Source data:

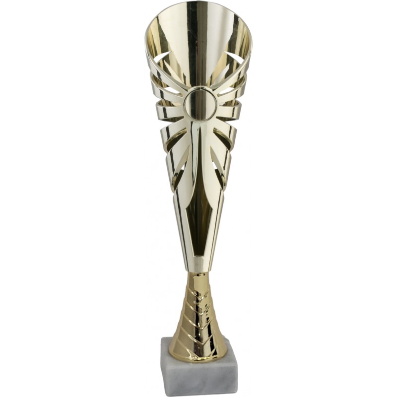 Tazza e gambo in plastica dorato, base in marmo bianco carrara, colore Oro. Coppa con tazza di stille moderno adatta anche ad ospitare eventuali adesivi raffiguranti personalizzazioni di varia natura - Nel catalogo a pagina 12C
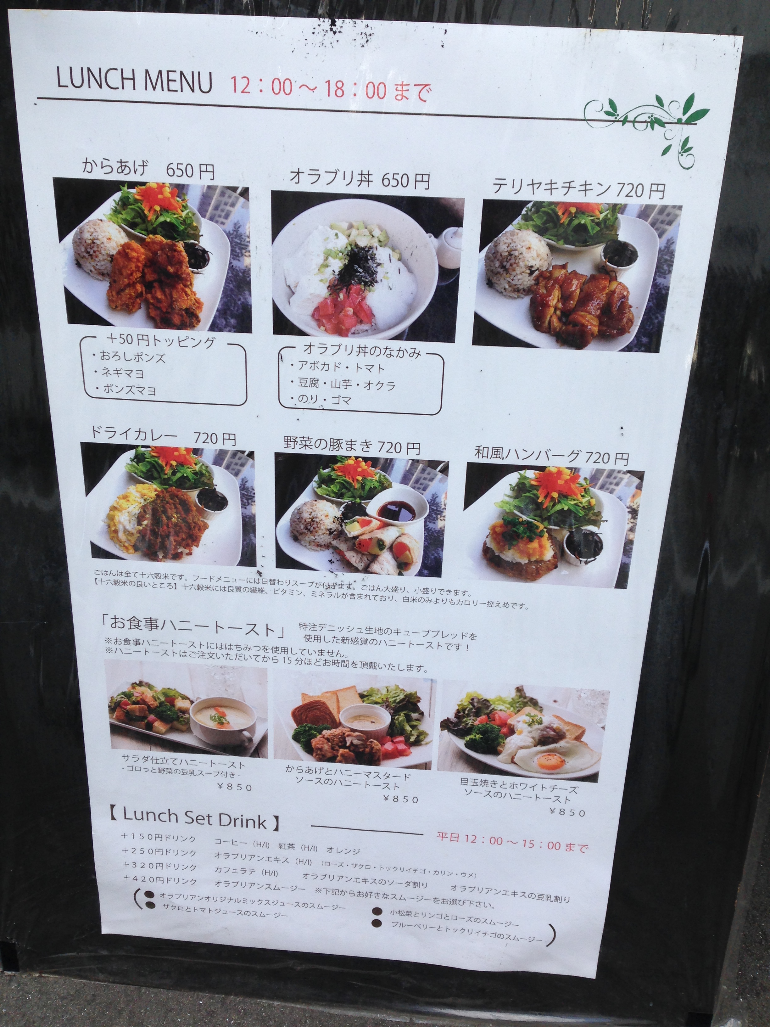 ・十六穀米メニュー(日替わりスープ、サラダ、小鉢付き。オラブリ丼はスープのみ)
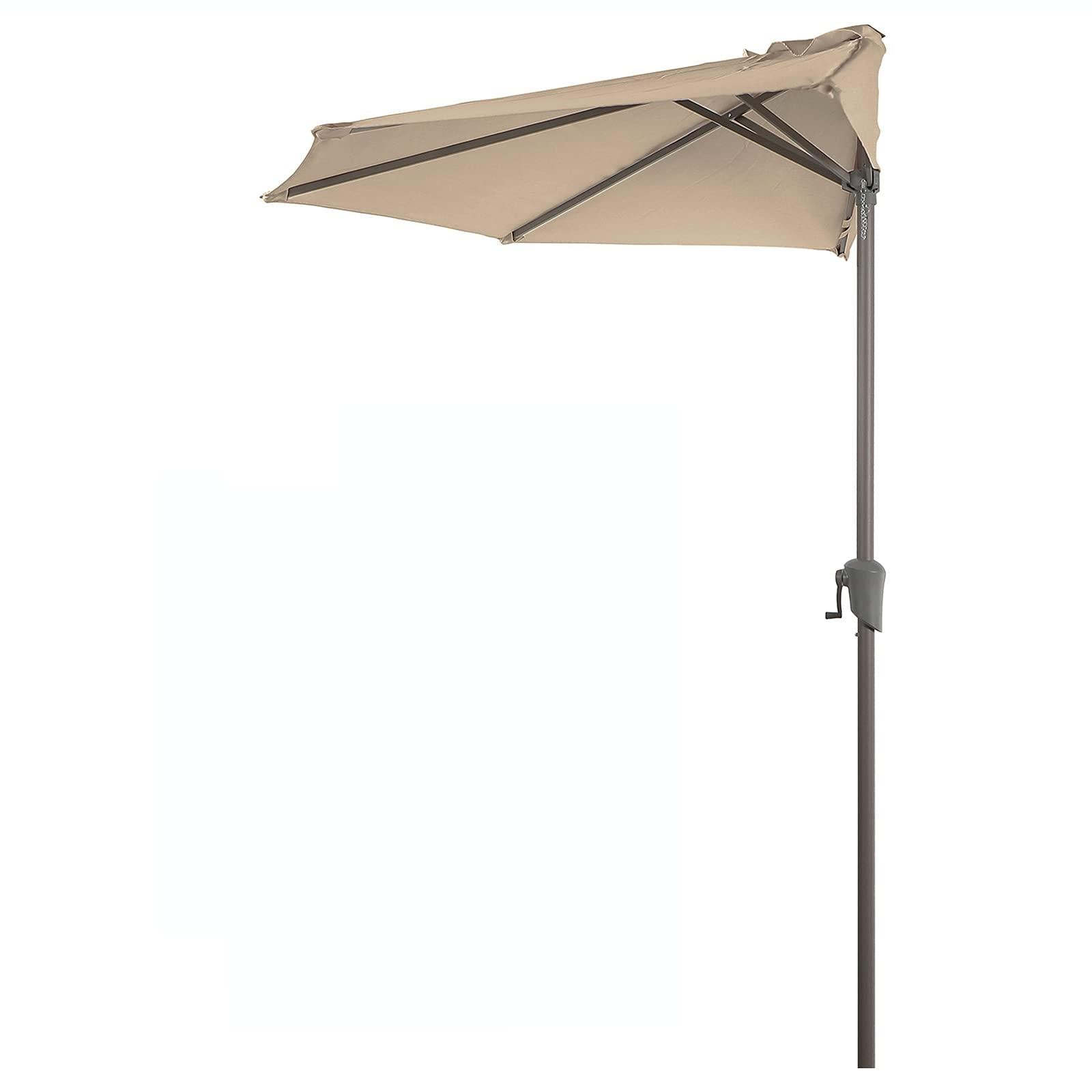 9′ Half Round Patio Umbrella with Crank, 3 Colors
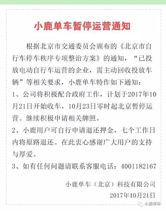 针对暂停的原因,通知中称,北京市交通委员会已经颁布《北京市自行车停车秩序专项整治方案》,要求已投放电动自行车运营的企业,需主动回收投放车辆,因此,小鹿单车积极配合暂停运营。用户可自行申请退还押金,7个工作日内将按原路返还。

Your goal: Type out the data above again exactly as written, minus the images.

Solution to the problem:
 Tazza e gambo in plastica dorato, base in marmo bianco carrara, colore Oro. Coppa con tazza di stille moderno adatta anche ad ospitare eventuali adesivi raffiguranti personalizzazioni di varia natura - Nel catalogo a pagina 12C
 ・十六穀米メニュー(日替わりスープ、サラダ、小鉢付き。オラブリ丼はスープのみ)
 9′ Half Round Patio Umbrella with Crank, 3 Colors
 针对暂停的原因,通知中称,北京市交通委员会已经颁布《北京市自行车停车秩序专项整治方案》,要求已投放电动自行车运营的企业,需主动回收投放车辆,因此,小鹿单车积极配合暂停运营。用户可自行申请退还押金,7个工作日内将按原路返还。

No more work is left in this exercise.